Vaccines are close, but we'll still need antiviral drugs
Although the clinical trials are not complete and there are still many questions to be answered, it is difficult not to be optimistic about Pfizer’s new COVID-19 vaccine.
If there was a single physician or scientist who predicted a 90% protection rate, he or she did an amazing job of keeping it secret. If the vaccine’s unexpected preliminary results hold up, we will have the possibility of making a serious dent in this terrible pandemic, which has thrown the world into chaos in less than one year.
Vaccines have been remarkably successful at eradicating deadly diseases such as smallpox, polio, and diphtheria. Other vaccines, especially for influenza, are far from perfect. Flu vaccines must be given annually and have a protection rate of only about 50%. This is due to resistance and new strains of flu arising every year, rendering the previous year’s vaccine ineffective. This is already occurring with COVID-19 as numerous strains of the virus that causes it have already been identified.
It is all but certain that SARS-CoV-2, a strain of the coronavirus that causes COVID-19, will behave more like flu than polio. As a result, we will not know for years how long these vaccines will protect us against the infection. This is one of several reasons we believe the development of effective, direct-acting antiviral drugs to augment vaccines is essential. And as was the case with HIV/AIDS and hepatitis C, it is likely that a combination of drugs, or a drug cocktail, will be required.
At this time, we have nothing of the sort. Although Remdesivir recently became the first and only FDA-approved treatment for COVID-19, it is not potent enough to solve the problem by itself. Over the past nine months, a parade of “promising” repurposed drugs marched across the headlines. Some failed and some are still being evaluated, but there is no clear winner yet. This is not unexpected; repurposed drugs were originally designed for other conditions.
There is another group of drugs being developed for which preliminary results are encouraging. Not surprisingly, this is due to these drugs utilizing time-tested mechanisms for inhibiting RNA viruses, including nucleoside and protease-based inhibitors, as well as others that stop the virus from replicating. We believe that drugs like this are essential for a number of reasons.
One is distribution: Worldwide distribution of the vaccine, especially to developing countries, will be extremely challenging based on the unprecedented number of people who must be vaccinated.
Two is cold storage: Most vaccines are unstable at room temperature and must be refrigerated. By contrast, small-molecule antiviral drugs (pills) have long shelf lives even at ambient temperatures. The Pfizer vaccine presents a special challenge since it must be kept at minus-78 degrees celsius, which is well below the range of normal freezers. This makes storage and distribution challenging.

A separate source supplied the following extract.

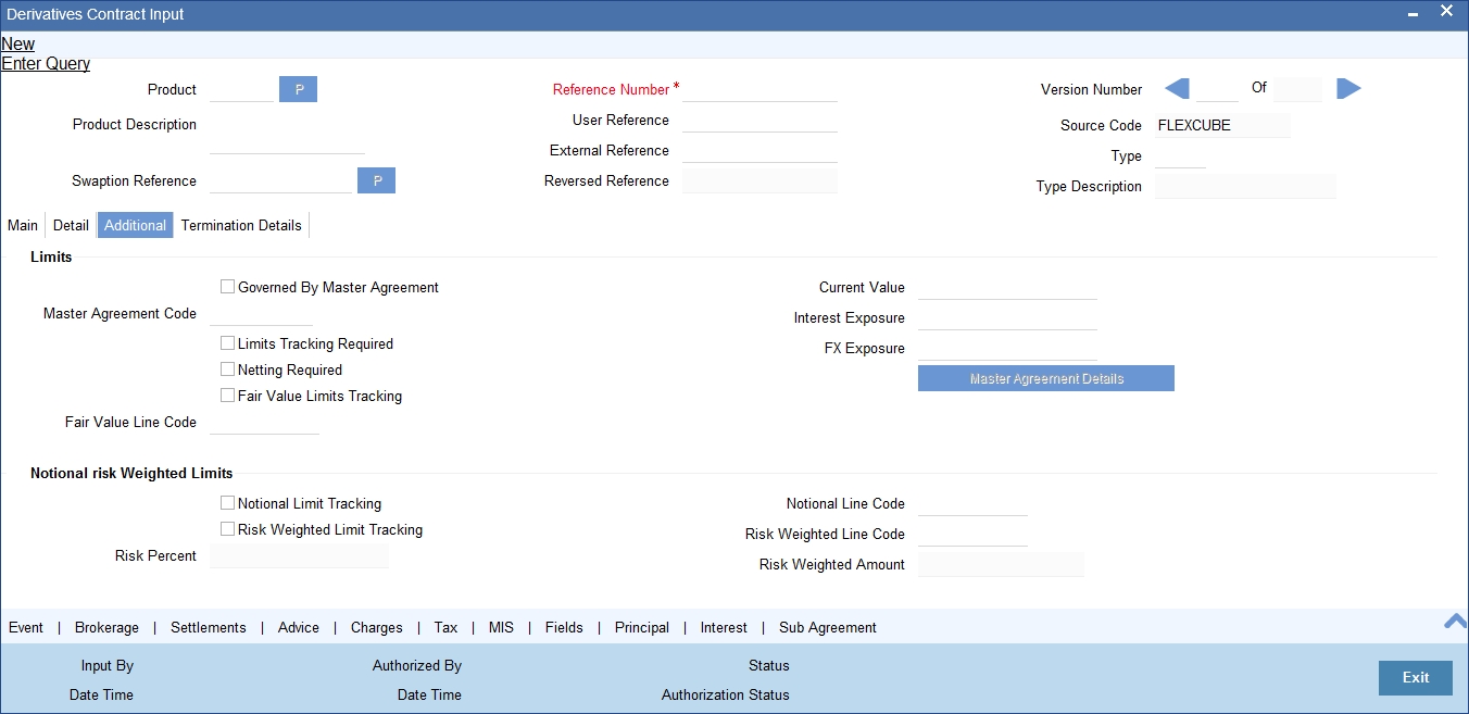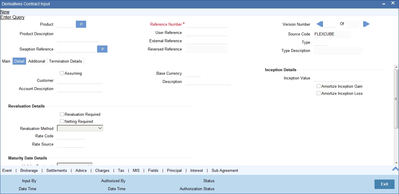 Next you can start capturing additional information relating to the derivative such as the Revaluation details, Inception and Termination details and so on by moving to the Detail tab.

Another reason we feel these drugs are essential is resistance: As mentioned above, numerous coronavirus strains are already circulating worldwide. It is unlikely a single vaccine will protect against all of them. Problematic is that the SARS-CoV-2 strain is a zoonotic virus, meaning it jumps from animals to humans, unlike polio or smallpox. This makes protection from SARS-CoV-2 much more difficult due to its inherent difference in normal vector-borne transmission.
A final reason is incompatibility: There are numerous cohorts of people who cannot be vaccinated due to underlying health conditions, a compromised immune system, or an allergy to the vaccine or one of its components.
In short, while there is certainly reason to be optimistic that this vaccine will be available soon and make a marked difference in our lives, there are still multiple reasons why we will need to continue to search for new, effective antiviral drugs to fight COVID-19 and SARS-CoV-2.
Jonathan “Josh” Bloom is a senior vice president and the director of chemical and pharmaceutical science for the American Council on Science and Health in New York City. Katherine Seley-Radtke is a professor of chemistry and biochemistry at the University of Maryland, Baltimore County. They wrote this for the News Tribune.